━━ LISTED ENTRIES ━━

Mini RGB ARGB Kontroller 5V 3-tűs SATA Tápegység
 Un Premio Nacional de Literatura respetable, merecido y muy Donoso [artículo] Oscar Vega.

━━━
━━ LISTED ENTRIES ━━

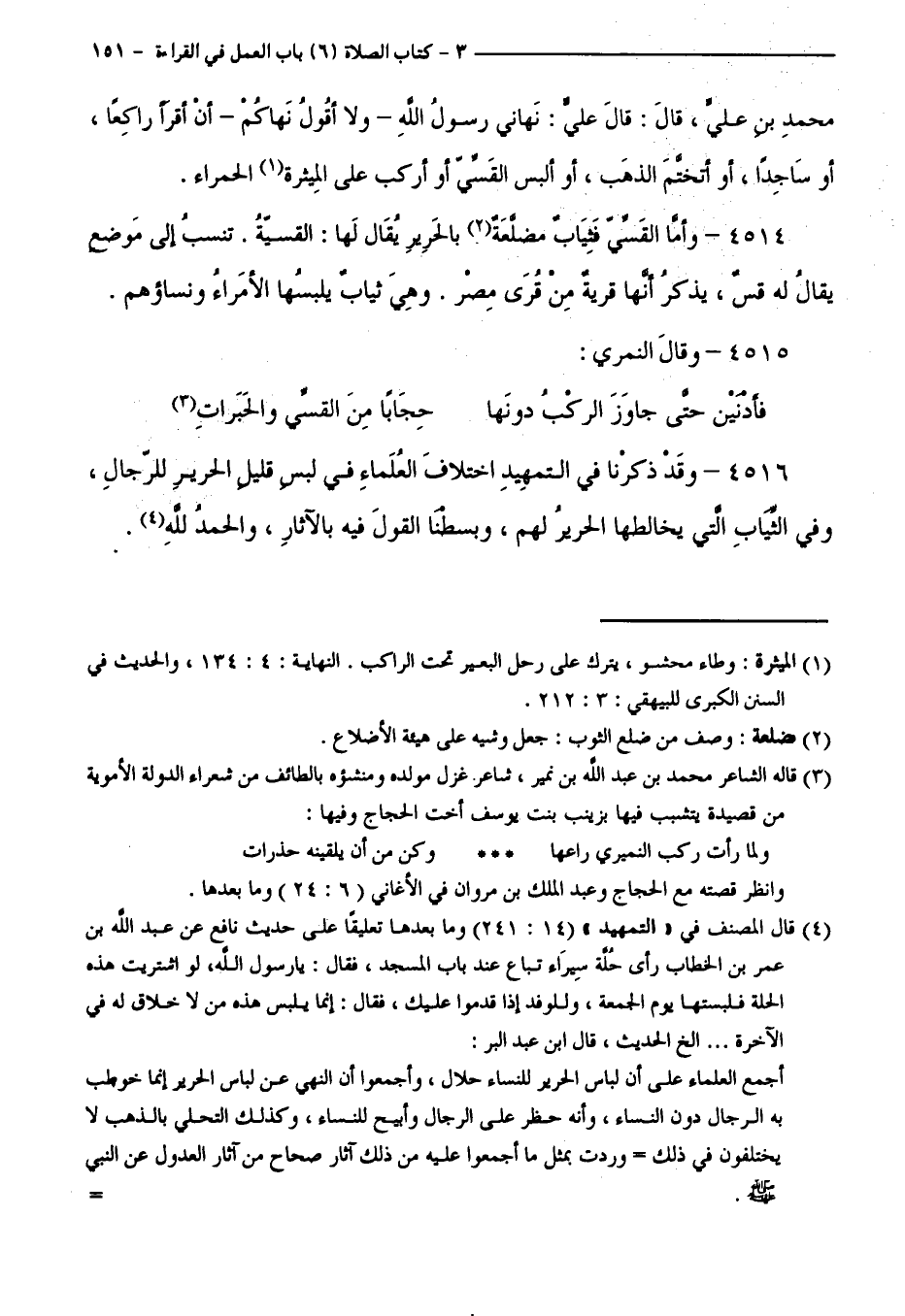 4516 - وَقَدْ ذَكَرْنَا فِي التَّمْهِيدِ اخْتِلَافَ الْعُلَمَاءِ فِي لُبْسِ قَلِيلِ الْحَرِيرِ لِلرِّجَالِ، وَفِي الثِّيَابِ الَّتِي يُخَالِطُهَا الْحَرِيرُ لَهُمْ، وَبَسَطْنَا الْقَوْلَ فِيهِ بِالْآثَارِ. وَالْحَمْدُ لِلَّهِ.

━━━

Look back at the entries above. Retype the line with "Mini RGB ARGB", the line with "Un Premio Nacional", and all lines in between.

Mini RGB ARGB Kontroller 5V 3-tűs SATA Tápegység
 Un Premio Nacional de Literatura respetable, merecido y muy Donoso [artículo] Oscar Vega.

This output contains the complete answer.